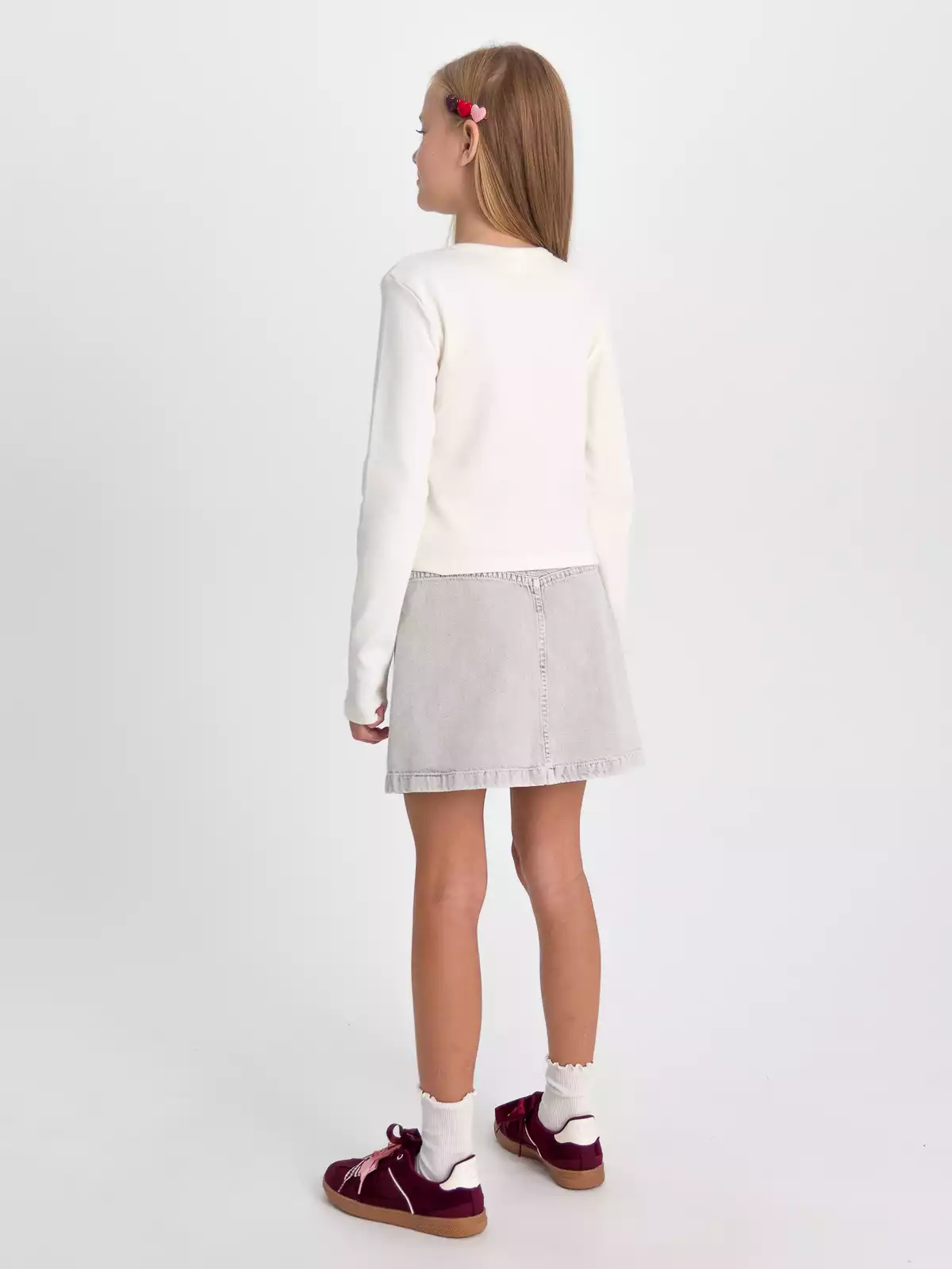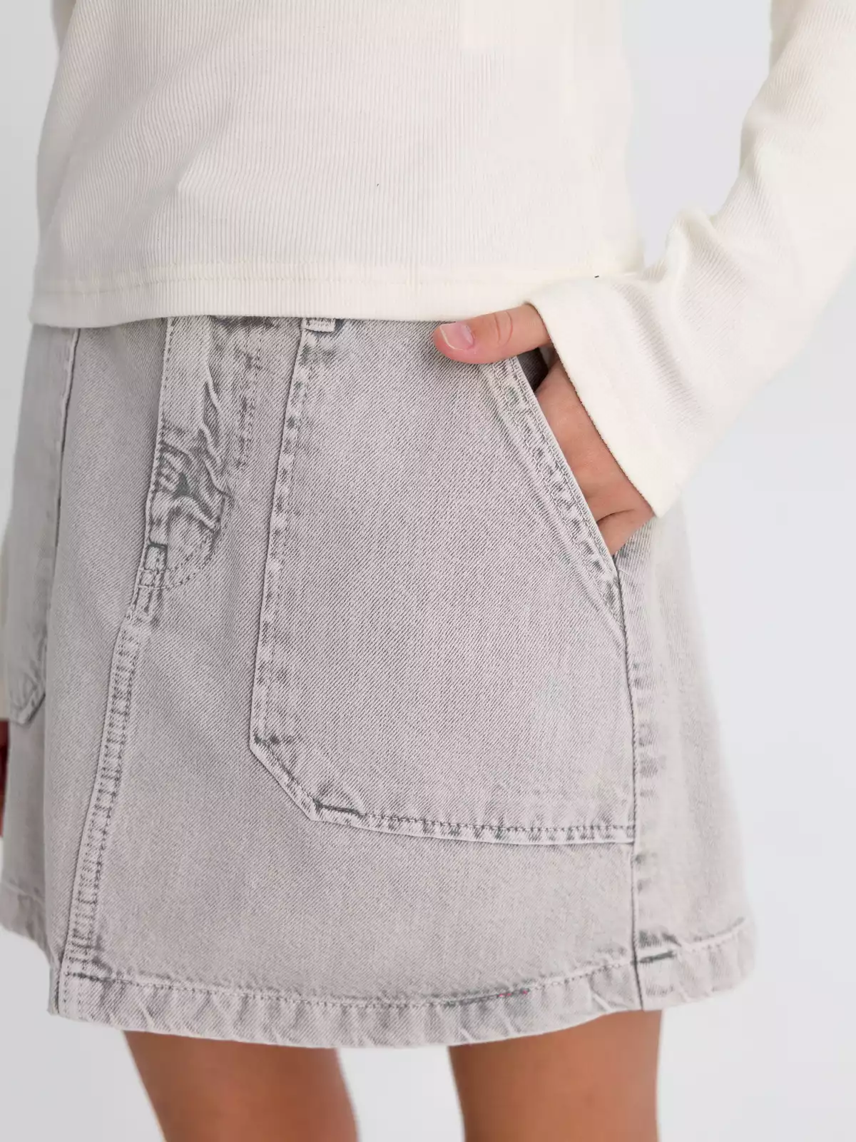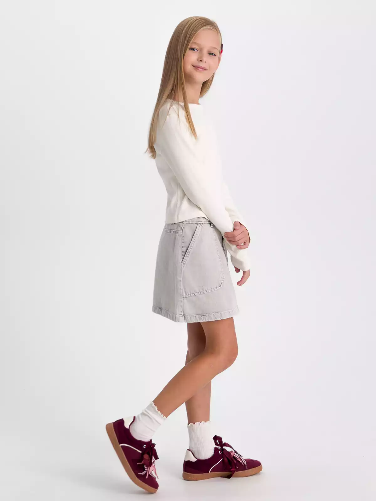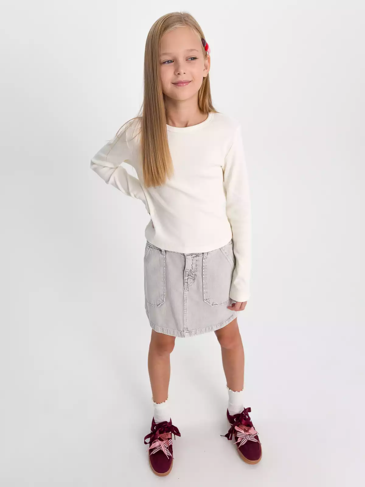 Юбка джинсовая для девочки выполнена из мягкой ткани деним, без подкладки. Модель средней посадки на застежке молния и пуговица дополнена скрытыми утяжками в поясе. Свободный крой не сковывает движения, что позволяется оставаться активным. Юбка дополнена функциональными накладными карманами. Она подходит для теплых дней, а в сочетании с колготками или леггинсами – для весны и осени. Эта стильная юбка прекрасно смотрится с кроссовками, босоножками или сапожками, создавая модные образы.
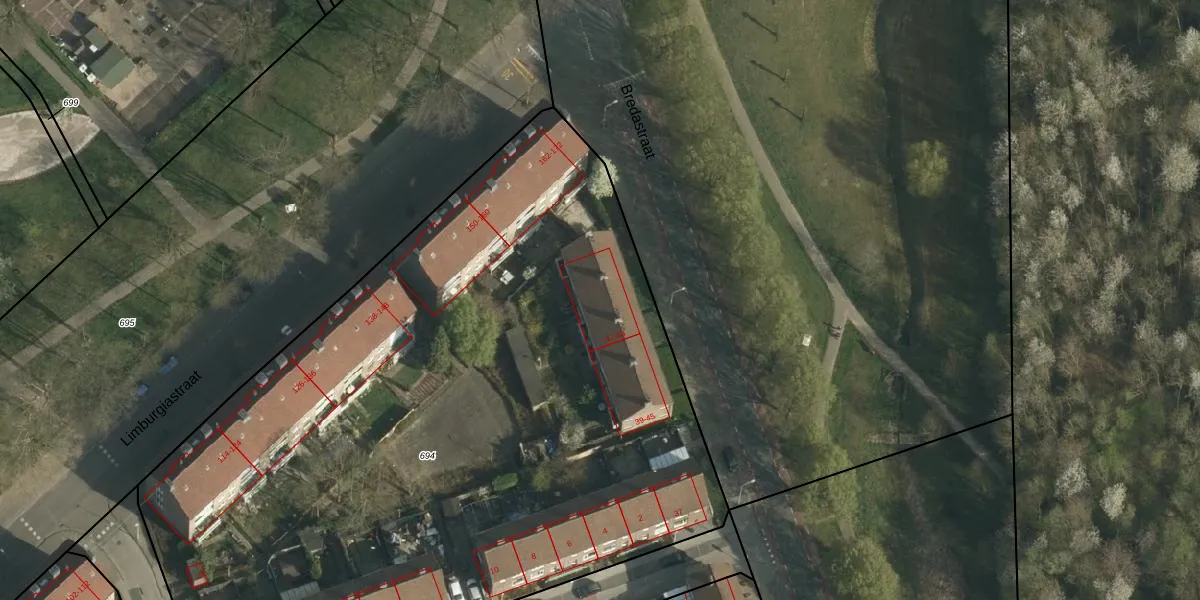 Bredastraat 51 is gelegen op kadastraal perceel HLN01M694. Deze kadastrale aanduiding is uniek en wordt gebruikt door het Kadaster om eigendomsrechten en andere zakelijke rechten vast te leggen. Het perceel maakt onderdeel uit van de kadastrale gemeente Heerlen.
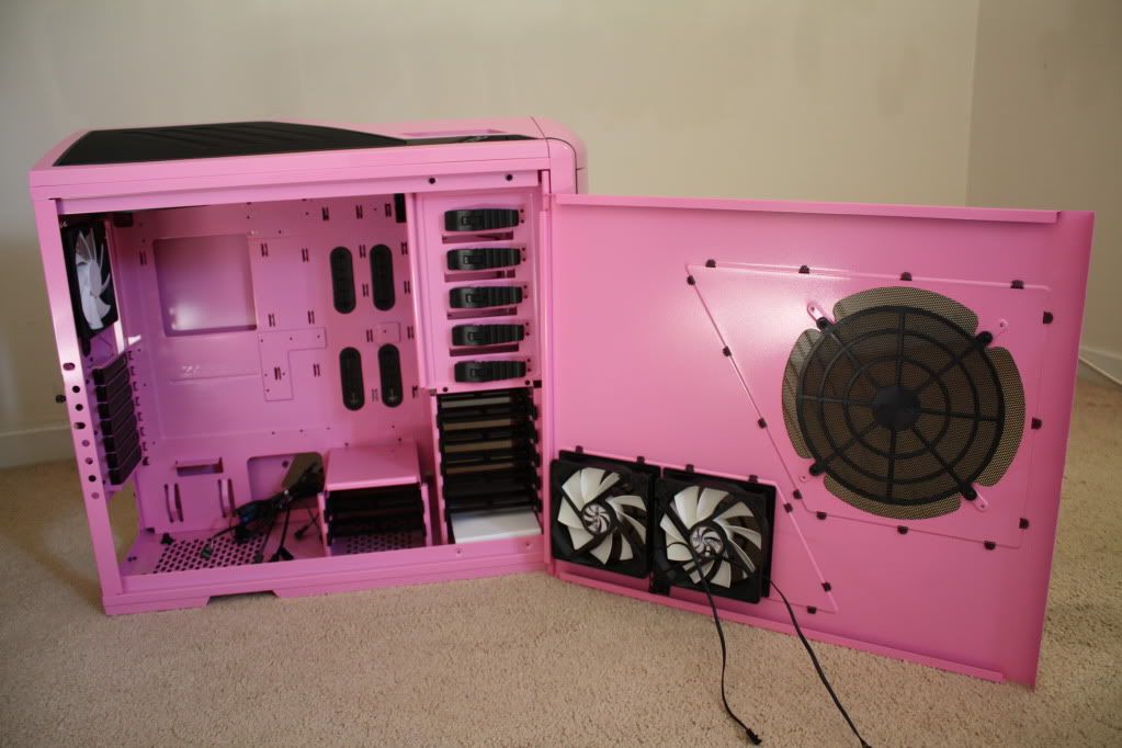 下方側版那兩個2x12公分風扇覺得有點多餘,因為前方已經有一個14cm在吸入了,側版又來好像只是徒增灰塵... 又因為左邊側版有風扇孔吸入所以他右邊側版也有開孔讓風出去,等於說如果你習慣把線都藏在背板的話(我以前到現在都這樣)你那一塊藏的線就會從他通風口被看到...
________________________
◆ **EXERCISE PROMPT**:
Output the complete listing exactly as it appears, except for the images.

◆ **SOLUTION FOR THIS PROBLEM**:
 Юбка джинсовая для девочки выполнена из мягкой ткани деним, без подкладки. Модель средней посадки на застежке молния и пуговица дополнена скрытыми утяжками в поясе. Свободный крой не сковывает движения, что позволяется оставаться активным. Юбка дополнена функциональными накладными карманами. Она подходит для теплых дней, а в сочетании с колготками или леггинсами – для весны и осени. Эта стильная юбка прекрасно смотрится с кроссовками, босоножками или сапожками, создавая модные образы.
 Bredastraat 51 is gelegen op kadastraal perceel HLN01M694. Deze kadastrale aanduiding is uniek en wordt gebruikt door het Kadaster om eigendomsrechten en andere zakelijke rechten vast te leggen. Het perceel maakt onderdeel uit van de kadastrale gemeente Heerlen.
 下方側版那兩個2x12公分風扇覺得有點多餘,因為前方已經有一個14cm在吸入了,側版又來好像只是徒增灰塵... 又因為左邊側版有風扇孔吸入所以他右邊側版也有開孔讓風出去,等於說如果你習慣把線都藏在背板的話(我以前到現在都這樣)你那一塊藏的線就會從他通風口被看到...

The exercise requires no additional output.